■ Data provided
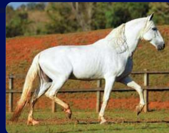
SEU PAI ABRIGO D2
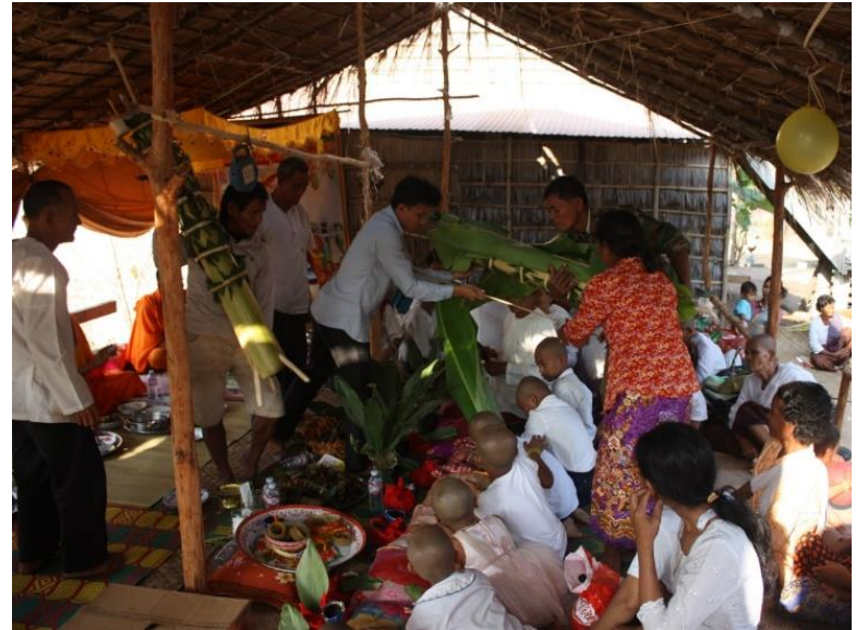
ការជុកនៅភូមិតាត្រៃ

---

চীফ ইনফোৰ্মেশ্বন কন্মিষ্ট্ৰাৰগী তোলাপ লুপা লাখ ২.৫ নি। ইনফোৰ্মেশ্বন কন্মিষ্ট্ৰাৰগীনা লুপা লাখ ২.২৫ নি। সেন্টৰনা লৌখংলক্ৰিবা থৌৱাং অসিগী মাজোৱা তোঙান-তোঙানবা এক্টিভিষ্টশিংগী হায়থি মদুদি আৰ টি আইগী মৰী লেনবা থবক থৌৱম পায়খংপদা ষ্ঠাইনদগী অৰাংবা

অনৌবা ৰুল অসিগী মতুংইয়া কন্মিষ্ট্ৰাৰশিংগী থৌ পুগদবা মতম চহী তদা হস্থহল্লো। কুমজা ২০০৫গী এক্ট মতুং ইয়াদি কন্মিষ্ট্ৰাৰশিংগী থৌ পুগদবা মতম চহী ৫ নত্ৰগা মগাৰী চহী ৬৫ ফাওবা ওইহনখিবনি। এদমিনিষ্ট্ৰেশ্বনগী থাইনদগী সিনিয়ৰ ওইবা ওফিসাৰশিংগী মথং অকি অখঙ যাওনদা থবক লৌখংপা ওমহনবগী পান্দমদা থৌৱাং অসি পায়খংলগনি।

■ Exercise description
In the entries above, find each line that includes the string "ইনদগ" and copy it.

■ Exercise solution
চীফ ইনফোৰ্মেশ্বন কন্মিষ্ট্ৰাৰগী তোলাপ লুপা লাখ ২.৫ নি। ইনফোৰ্মেশ্বন কন্মিষ্ট্ৰাৰগীনা লুপা লাখ ২.২৫ নি। সেন্টৰনা লৌখংলক্ৰিবা থৌৱাং অসিগী মাজোৱা তোঙান-তোঙানবা এক্টিভিষ্টশিংগী হায়থি মদুদি আৰ টি আইগী মৰী লেনবা থবক থৌৱম পায়খংপদা ষ্ঠাইনদগী অৰাংবা
অনৌবা ৰুল অসিগী মতুংইয়া কন্মিষ্ট্ৰাৰশিংগী থৌ পুগদবা মতম চহী তদা হস্থহল্লো। কুমজা ২০০৫গী এক্ট মতুং ইয়াদি কন্মিষ্ট্ৰাৰশিংগী থৌ পুগদবা মতম চহী ৫ নত্ৰগা মগাৰী চহী ৬৫ ফাওবা ওইহনখিবনি। এদমিনিষ্ট্ৰেশ্বনগী থাইনদগী সিনিয়ৰ ওইবা ওফিসাৰশিংগী মথং অকি অখঙ যাওনদা থবক লৌখংপা ওমহনবগী পান্দমদা থৌৱাং অসি পায়খংলগনি।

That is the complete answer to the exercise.